»»

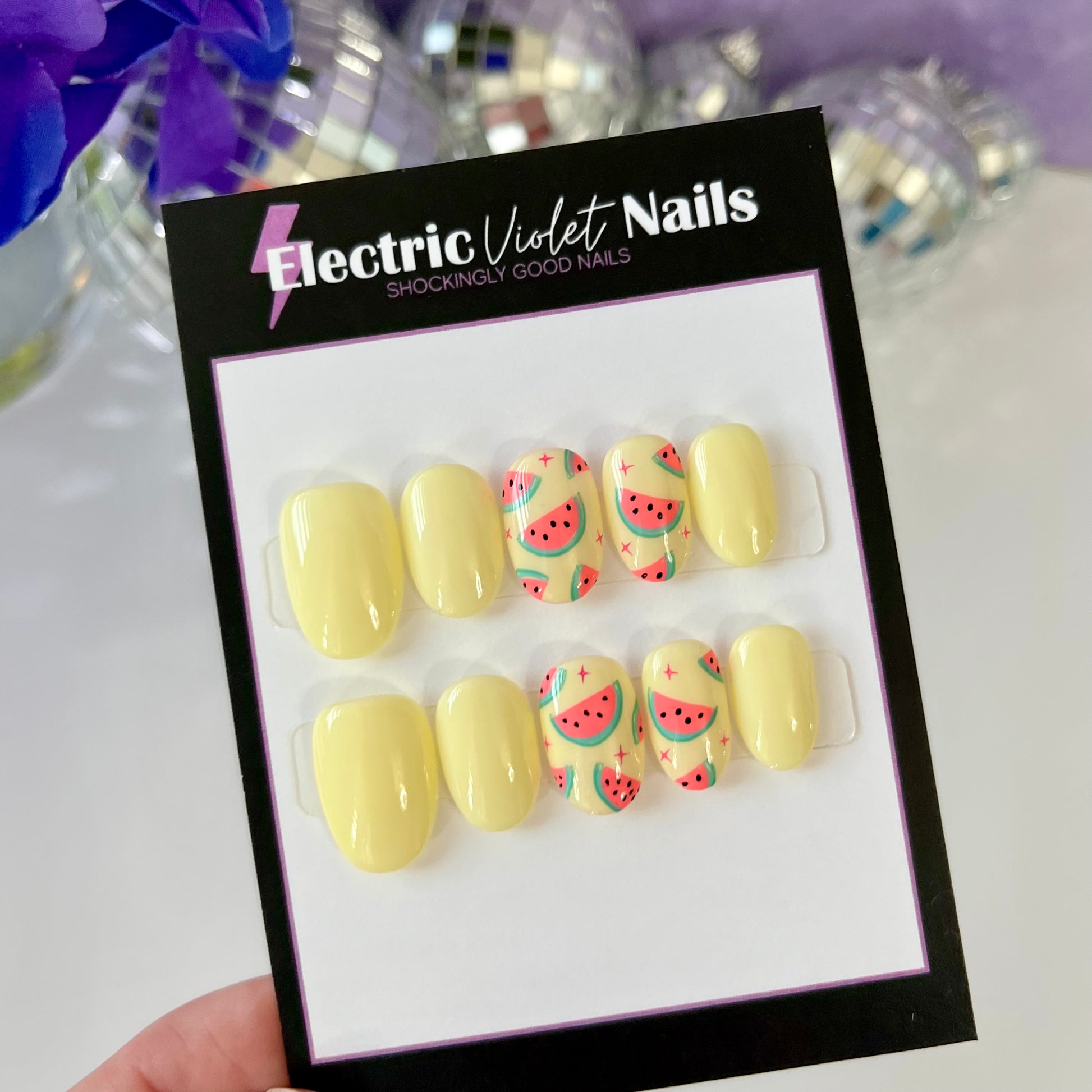 Set Description:  Ready for the sweetest summer? Our Watermelon Summer press-on nails make it easy to get into the spirit of the season. The pale yellow base is topped off with the juiciest watermelon art! Time to BBQ, rock the pool, and take advantage of this limited edition style! 🍉🌞
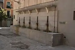 No aparece en el relato de Mesonero la fuente instalada en los muros posteriores de San Nicolás, con cinco caños manando sobre un pilón de pulido granito.
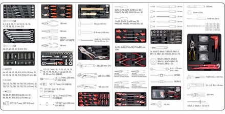 Tủ dụng cụ sửa chữa YT-55292 có đầy đủ các chi tiết thông dụng nhất hiện nay như: các loại cờ lê mỏ lết, kìm kẹp các loại, đầu khẩu tay vặn hay đầu khẩu dùng cho súng, các loại tuốc nơ vít và đầu tuốc nơ vít, bộ búa đục đột đa năng, tay vặn khẩu các loại. Sản phẩm chuyên dụng dành cho công việc sửa chữa.
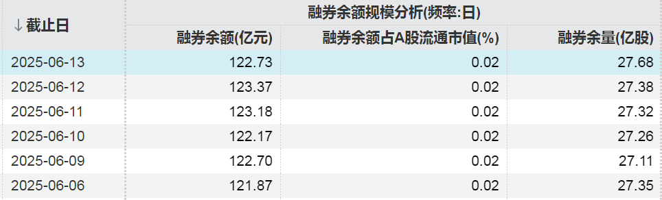 融券规模超120亿元Wind数据显示,截至6月13日,A股市场融券余额为122.73亿元,上周融券余额增加0.86亿元,融券余量为27.68亿股。
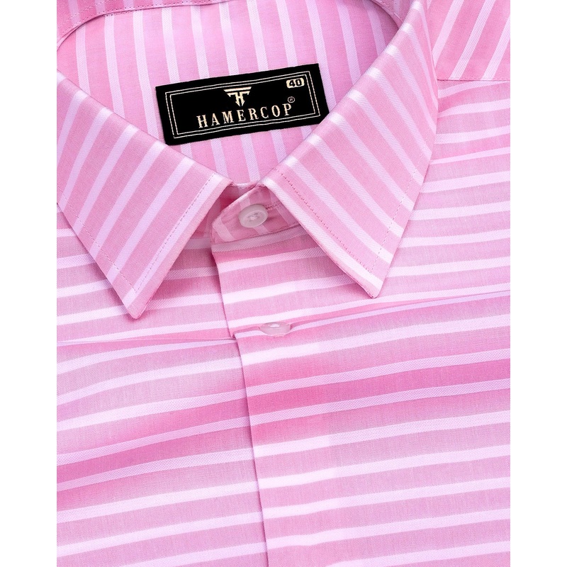 Baby Pink With White Weft Stripe Dobby Cotton Shirt
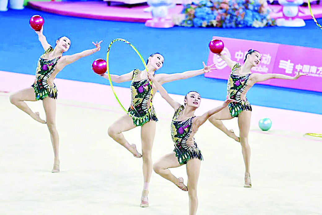 十五运艺术体操集体全能决赛现场,四川队带来精彩表演。
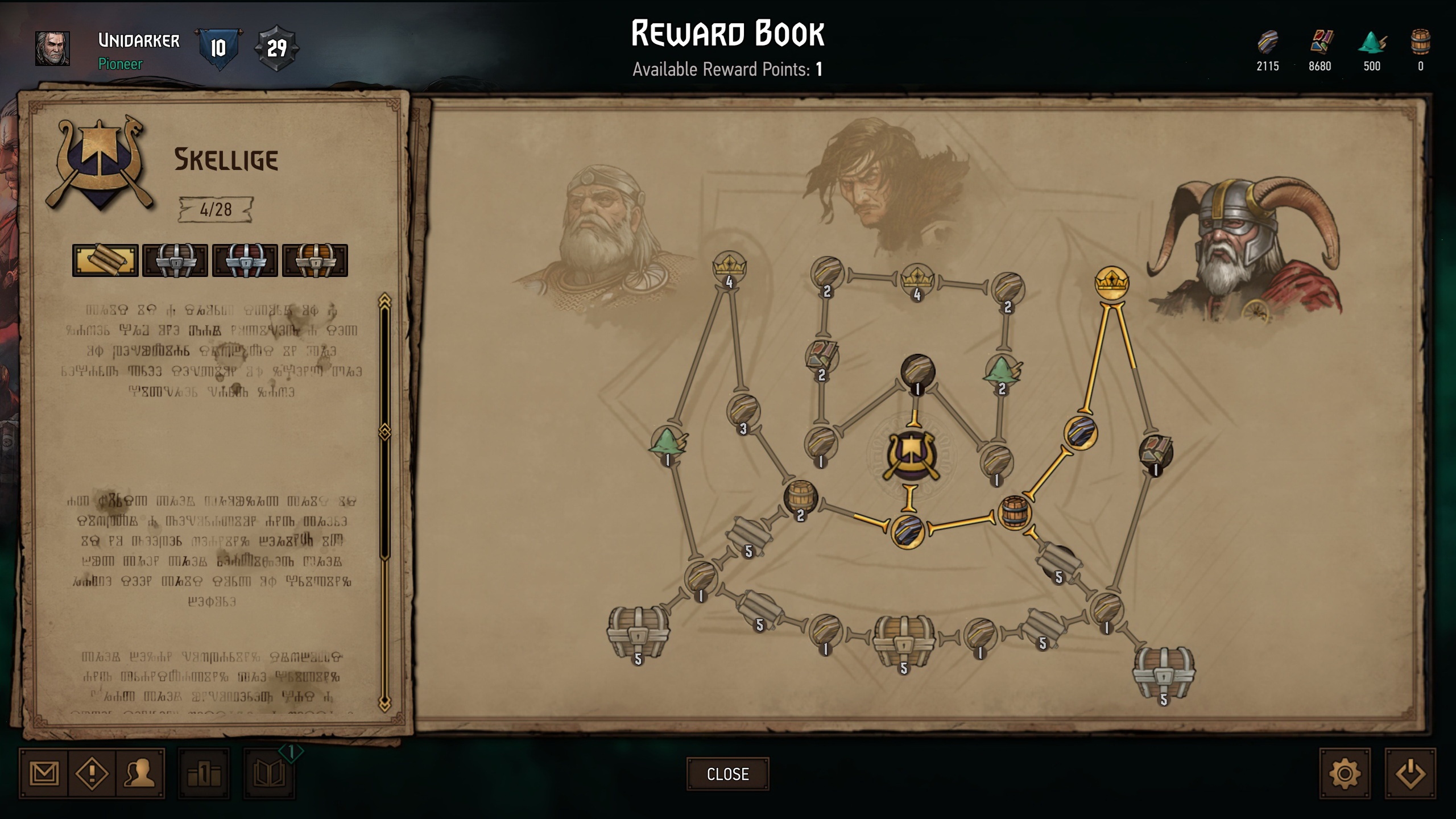 Prakticky za všetky, aj banálne aktivity v hre (plnenie denných úloh, odohranie x zápasov alebo otvorenie sudov, výrobu karty, spotrebovanie surovín, prvé použitie GG označenia s bonusom pre protihráča po dueli atď.) získavate body, ktoré investujete v knihe odmien. Tam ich vkladáte do ľubovoľných hrateľných frakcií, pričom každá ponúka rozvetvený strom, kde si naklikáte suroviny, sudy, truhlice a odomknete ďalších lídrov. Tí majú tiež vlastné stromy s podobným obsahom. Hlavne spočiatku je tento bodový systém výbornou motiváciou pri hraní.
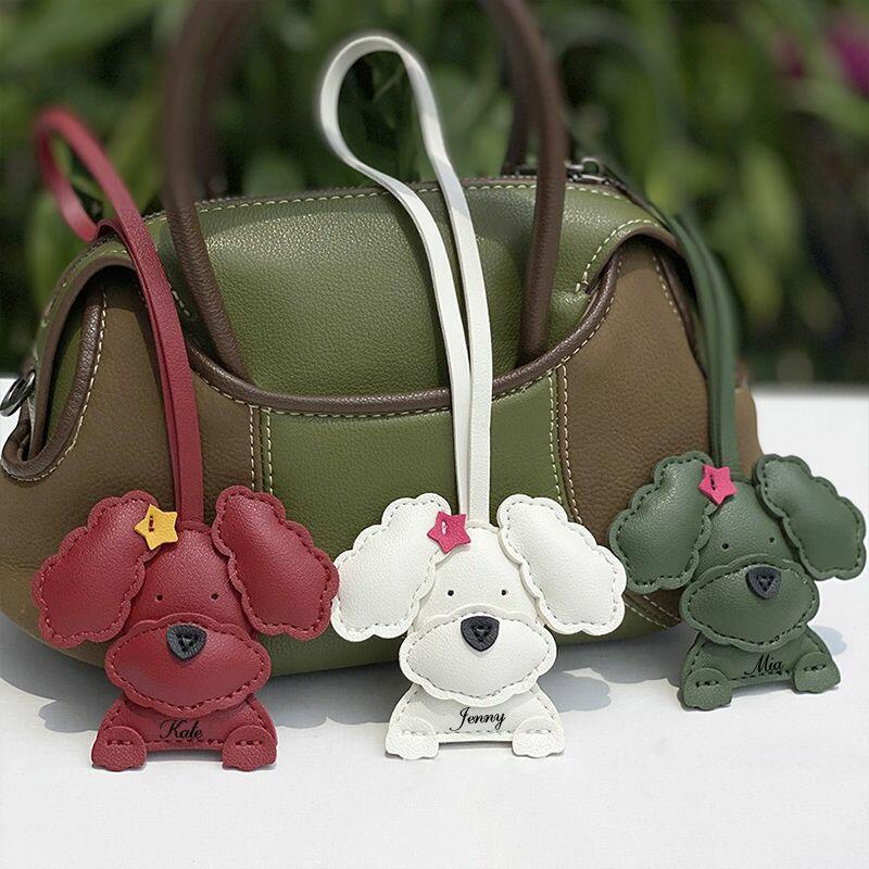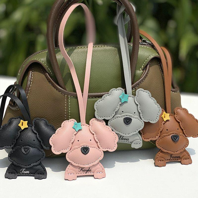 Breloque personnalisée en cuir PU pour sac à main motif chien mignon cadeau personnalisé avec nom pour les amoureux des animaux
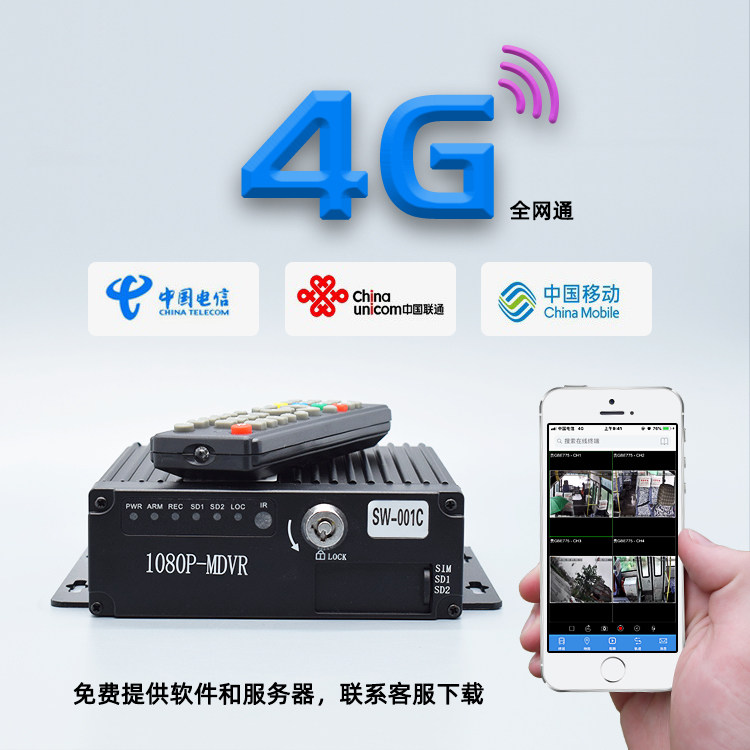 Vehicle 4-way monitor 4-way SD card recorder bus bus big truck 4G remote GPS positioning system
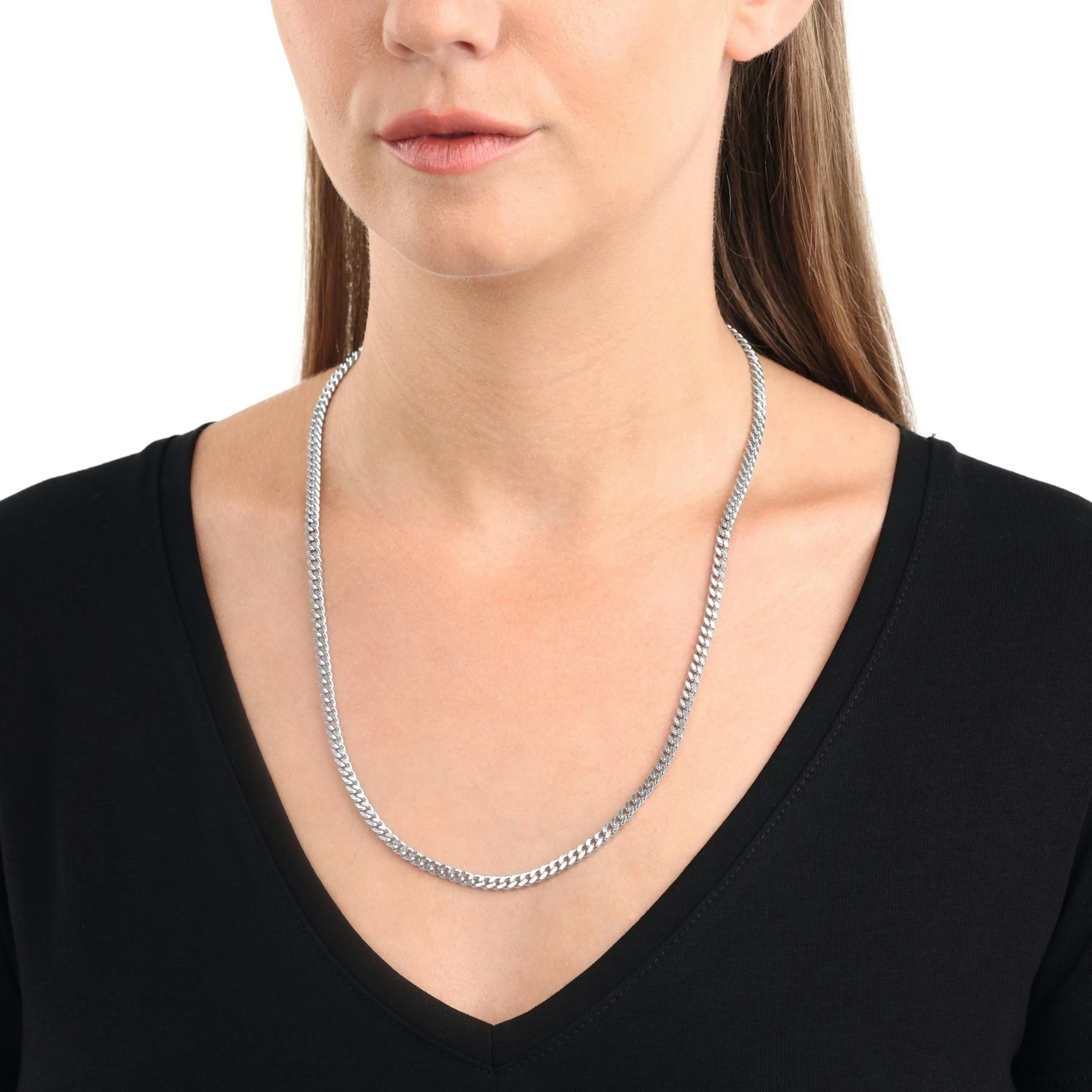 Zartes Design und hochwertige Verarbeitung vereinen sich in diesem 55 cm langen Collier Kettchen mit Ankergliederung. Ideal für Anhänger schmiegt sich das hochwertige 316L Stainless Steel an die Haut. Die Kettenstärke beträgt ca. 4 mm. Das Halskettchen ist für Damen und Herren geeignet. Als Verschluss dient ein praktischer Karabiner.
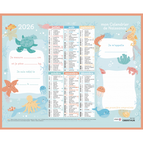 Localiser un magasinL'arrivée d'un nouvel enfant est toujours un événement magique ! Alors, pensez à acheter le calendrier de son année de naissance. Vous pourrez lui offrir plus tard quand il sera parent à son tour ou le garder en souvenir. Quoi qu'il en soit, l'émotion sera au rendez-vous lorsque vous regarderez sa photo, ses petites empreintes de pieds et de mains puisque des espaces ont été conçus spécialement.
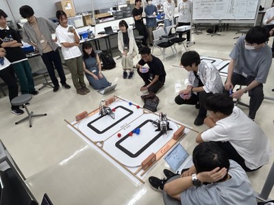 今年も例年通りのサマーキャンプを開催することができました.今回は16人の1回生に参加していただきました.1回生では,LEGO Mindstorms を用いたロボット制作に取り組んでいます.なかなか思い通りにロボットを動かせず,苦しい時間もありますが,グループで協力し,問題を解決できたときの達成感は格別です.また,最後に行われる試合では,毎年白熱した戦いが繰り広げられ,参加者みんなで盛り上がることができます.今年も,教員,TAが参加する懇親会を開くことができました.懇親会の参加は自由ですが,教員やTAと交流できる良い機会だと思います.プログラミング未経験の参加者も多くおりますので,少しでも興味を持った方はぜひサマーキャンプに参加してみてください.みなさんのご応募お待ちしております.
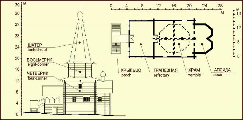 Памятник представляет собой традиционную для культовых деревянных построек XVIII века трехчастную композицию плана с развитием вдоль продольной оси. Церковь одноэтажная на высоком подклете (3,6 м). Храм типа восьмерик на четверике с шатровым завершением (размеры храма в плане: 9,9 х 9,9 м). Высота четверика составляет 10,7 м, восьмерика – 5,5 м, шатра – 15,3 м, главы с крестом – 6,6 м. К восточной стене храма пристроена двухчастная апсида (в плане 4,9 х 8,5 м, высота сруба – 6,8 м), крытая «бочкой»; к западной стене – трапезная (паперть). К западной стене паперти пристроено большое по объему двухвсходное крыльцо под рундучной кровлей, богато декорированное элементами ограждающих конструкций и декора кровли, что дополняет лаконичное декоративное оформление фасадов церкви.
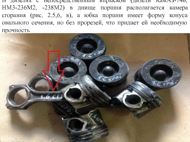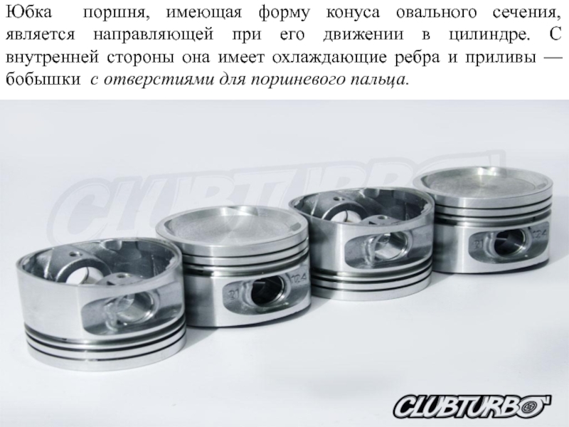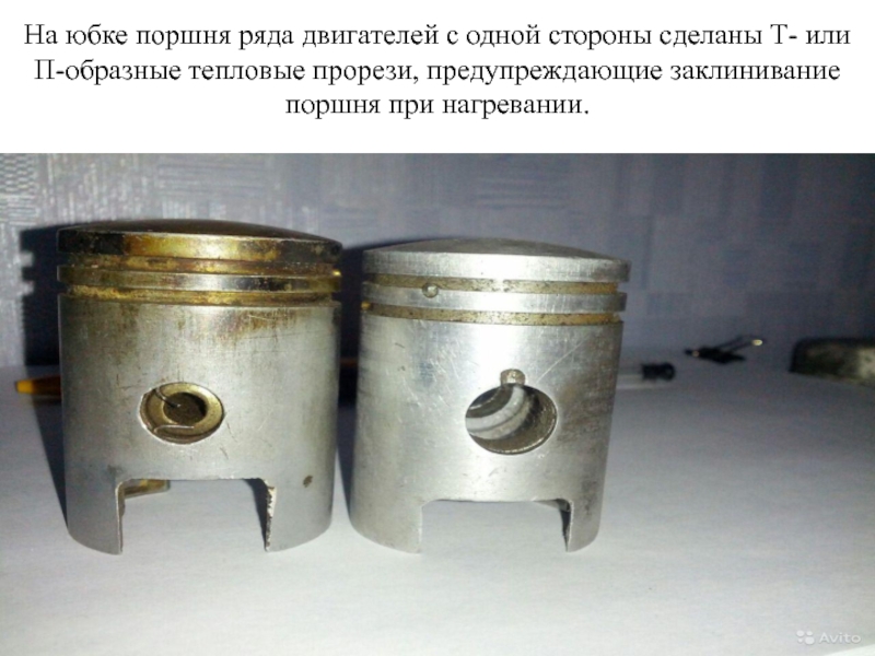 Слайд 27На юбке поршня ряда двигателей с одной стороны сделаны Т-

««

** EXERCISE DESCRIPTION **
Print, word for word, the lines above that run from the line containing "Baby Pink With" to the line containing "Vehicle 4-way monitor", both included. Keep the pictures out.

** RESPONSE BOX **
 Baby Pink With White Weft Stripe Dobby Cotton Shirt
 十五运艺术体操集体全能决赛现场,四川队带来精彩表演。
 Prakticky za všetky, aj banálne aktivity v hre (plnenie denných úloh, odohranie x zápasov alebo otvorenie sudov, výrobu karty, spotrebovanie surovín, prvé použitie GG označenia s bonusom pre protihráča po dueli atď.) získavate body, ktoré investujete v knihe odmien. Tam ich vkladáte do ľubovoľných hrateľných frakcií, pričom každá ponúka rozvetvený strom, kde si naklikáte suroviny, sudy, truhlice a odomknete ďalších lídrov. Tí majú tiež vlastné stromy s podobným obsahom. Hlavne spočiatku je tento bodový systém výbornou motiváciou pri hraní.
 Breloque personnalisée en cuir PU pour sac à main motif chien mignon cadeau personnalisé avec nom pour les amoureux des animaux
 Vehicle 4-way monitor 4-way SD card recorder bus bus big truck 4G remote GPS positioning system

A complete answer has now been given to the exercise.